Could you give me some indication as what is the status of the ports, if I should even bother with it or should I just download and compile independently.

I am currently stuck with a
Server version: 5.4.3-beta FreeBSD port: mysql-server-5.4.3
installation that is pregnant with problems

Thanks!

Jaymax


----------



## SirDice (Jun 7, 2010)

jaymax said:
			
		

> Could someone say what is the mysql status in ports collection. What is the latest version there and what it should be.


Look here:
databases/mysql51-server
databases/mysql50-server

Don't bother with 5.4, 5.5 or 6.0 unless you know what you're doing.

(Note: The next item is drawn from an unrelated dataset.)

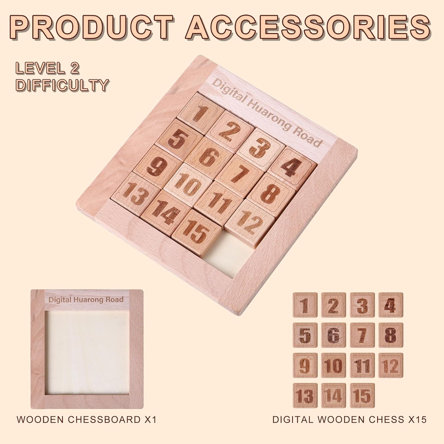 - ✅【HOW TO PLAY?】Shuffle the order, randomly install it on the chessboard, move the squares to rearrange the numbers 1-15. Attention! You need to play on a horizontal tabletop, as the product is made of wood and does not have magnetism, it is easy to fall off and affect your experience!ers.

If you want a stable mysql version that's supported by other applications stick to 5.0.x or 5.1.x.


----------



## jaymax (Jun 7, 2010)

Thanks!

I did get a reply from Alex Dupre the maintainer and all he said was that 
"There isn't a mysql60-server port anymore". It does not seem as if the port is maintained any more as the mysql site list a "FreeBSD ver. 7.0 (x86, 32-bit), Compressed TAR Archive" as the Generally Available (GA) version.

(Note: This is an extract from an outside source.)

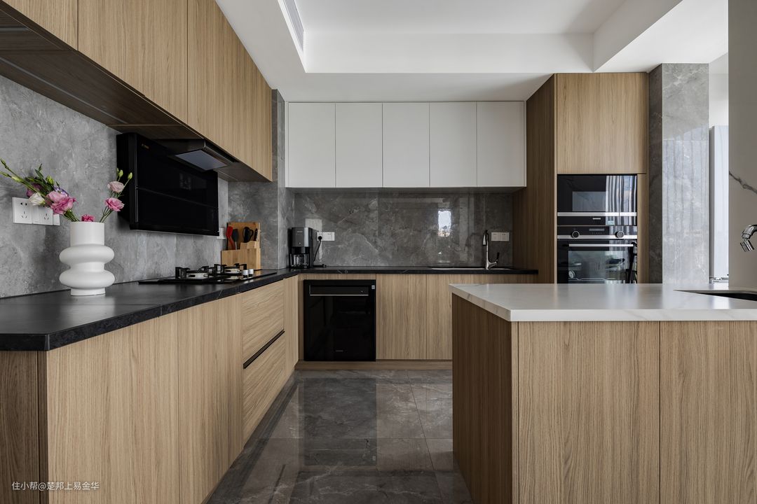 厨房整体色调以原木色厨柜为主,搭配深灰色地砖,点缀一些白色,更加有烟火气息。黑色的大理石台面更加耐脏,

Would you recommend just downloading the source from the mysql site, compiling and using that?

jaymax


----------



## jaymax (Jun 7, 2010)

SirDice,

Should have asked, if you had any technical tips on downgrading from 5.4 to 5.1. Would a dump from 5.4 be an acceptable input into 5.1, for example.

Thanks!


----------



## SirDice (Jun 7, 2010)

jaymax said:
			
		

> Would you recommend just downloading the source from the mysql site, compiling and using that?


No. I recommend using the ports.



> Would a dump from 5.4 be an acceptable input into 5.1, for example.


I'm not a 100% sure but if it's just plain data it should work. As long as you don't use stored procedures, views etc. I don't see why it wouldn't work.


----------